College basketball already working to ensure the 2020-21 season and March Madness are played
As college football scrambles to salvage what it can of the 2020 season, several key college basketball officials are already working toward plans for the 2020-21 season and NCAA Tournament next March.
Coaches, administrators and NCAA brass have engaged in discussions about what’s possible, what obstacles they must clear and what challenges must be addressed so that college basketball does not find itself in the same spot college football is in today.

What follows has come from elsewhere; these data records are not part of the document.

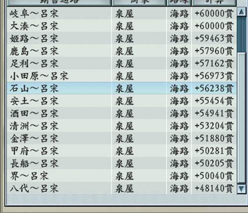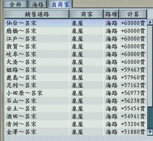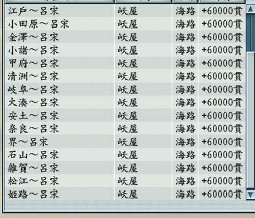 1(重要性高)、该町所在国的城池数目(城池人口,规模,安定等)。即城池数目越多,每个城人越多,规模越大,越安定,连接该町和海外的销售通路稳定收入越高。
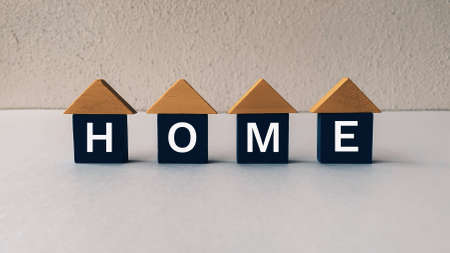 Wooden block word with HOME. The concept of buying and selling real estate, rental housing, Home protection, Home protection
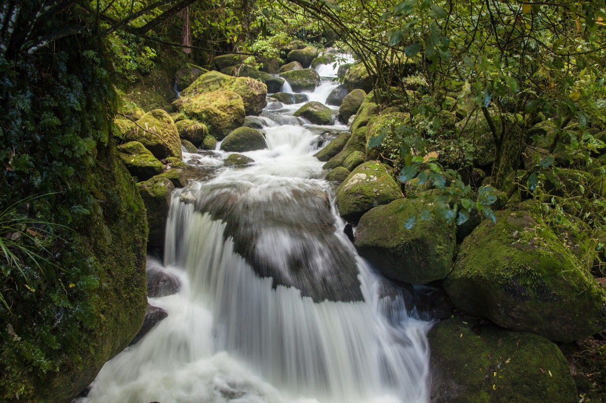 Wairere Falls Track weaves its way through moss covered rocks and tree roots. Large round boulders form natural pools and cascading waterfalls.
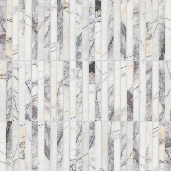 Scollopini Lilac Pattern Mosaic Tile features cool white marble with striking charcoal veins and a unique concave pattern that adds a dynamic touch to any space. The Honed finish enhances its sleek elegance, while the mesh backing ensures easy installation. Perfect for stylish accent walls and backsplashes, this versatile tile brings a modern, luxurious feel to any room with its distinctive design and timeless appeal.
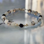 Ce bracelet raffiné associe des pierres naturelles de qualité AA : Pierre de Lune aux reflets nacrés et doux, Agate Veine de Dragon aux nuances marbrées fascinantes, Perles de cristal noir pour une touche d’élégance et de Perles ciselées et apprêts en Argent 925 véritable.
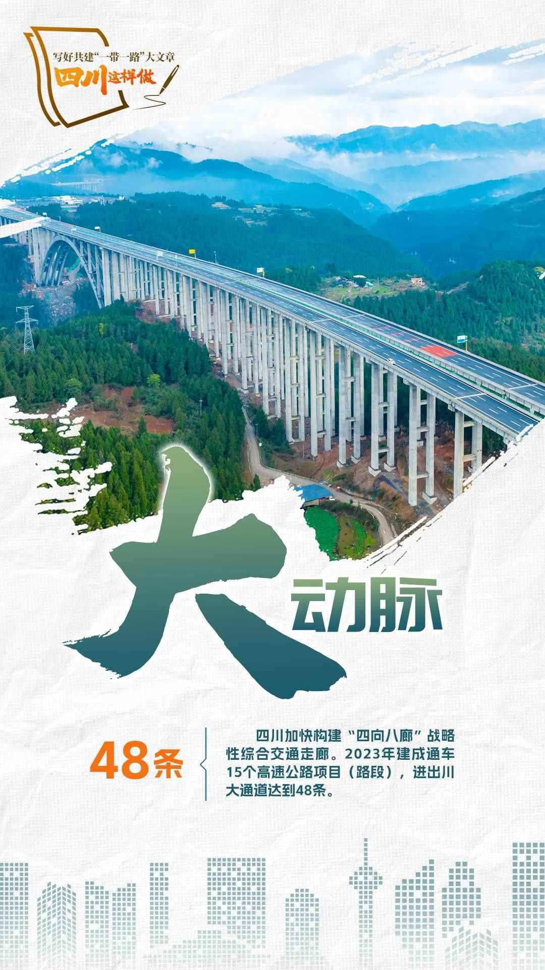 2023年,共建“一帶一路”走過(guò)第一個(gè)蓬勃十年,積極奔向更富活力的第二個(gè)“金色十年”。為推動(dòng)共建“一帶一路”更高質(zhì)量、更高水平發(fā)展,宣布中國(guó)支持高質(zhì)量共建“一帶一路”的八項(xiàng)行動(dòng),包括構(gòu)建“一帶一路”立體互聯(lián)互通網(wǎng)絡(luò)、支持建設(shè)開(kāi)放型世界經(jīng)濟(jì)、開(kāi)展務(wù)實(shí)合作、促進(jìn)綠色發(fā)展、推動(dòng)科技創(chuàng)新、支持民間交往、建設(shè)廉潔之路、完善“一帶一路”國(guó)際合作機(jī)制。2024年,我們將目光聚焦四川,作為內(nèi)陸開(kāi)放的前沿陣地、西部大開(kāi)發(fā)的戰(zhàn)略依托,看看第二個(gè)十年,四川如何寫(xiě)好高質(zhì)量共建“一帶一路”大文章。

Of course, there are no guarantees that even their best efforts or the most detailed plans will override the impact of the COVID-19 pandemic. But the good news is they’re talking and working and thinking about all of the ways they can make the 2020-21 season happen.
What it looks like, how the schedules line up and how many fans (if any) are allowed in the arenas might not be known for sometime. But those are all minor concerns compared to the bigger picture of making it safe to play in the first place.
Two weeks after saying college basketball would be played this season, NCAA Senior Vice President of Basketball Dan Gavitt on Thursday told Andy Katz of NCAA.com that he remained confident that the NCAA Tournament would be back in 2021.
“We’ll be flexible,” Gavitt told Katz. “We’ll be nimble and we’ll deliver what the country is desperately looking for again, and that’s just an incredible March Madness tournament in 2021. … We will absolutely do all we can do — whatever assets, whatever resources, whatever it takes — to try and give our young people the chance to play the game they love.”
One of those paths potentially could include creating a bubble system similar to that used in the NBA, WNBA and NHL, which all have returned to action this summer without major incidents.
NCAA President Mark Emmert, in a separate interview on the NCAA website, said he was in favor of exploring the bubble approach and believed there were plenty of ways to ensure the return of March Madness in 2021.
“Starting with 64 teams is tough,” Emmert said of a tournament inside a bubble. “Thirty-two? OK, maybe that’s a manageable number. Sixteen? Certainly manageable. But you’ve got to figure out those logistics. There’s doubtlessly ways to make that work.”
Emmert said that Joni Comstock, the NCAA’s senior vice president of championships, and Gavitt have been working with conferences and oversight committees to figure out the details and economic impact of any such plans.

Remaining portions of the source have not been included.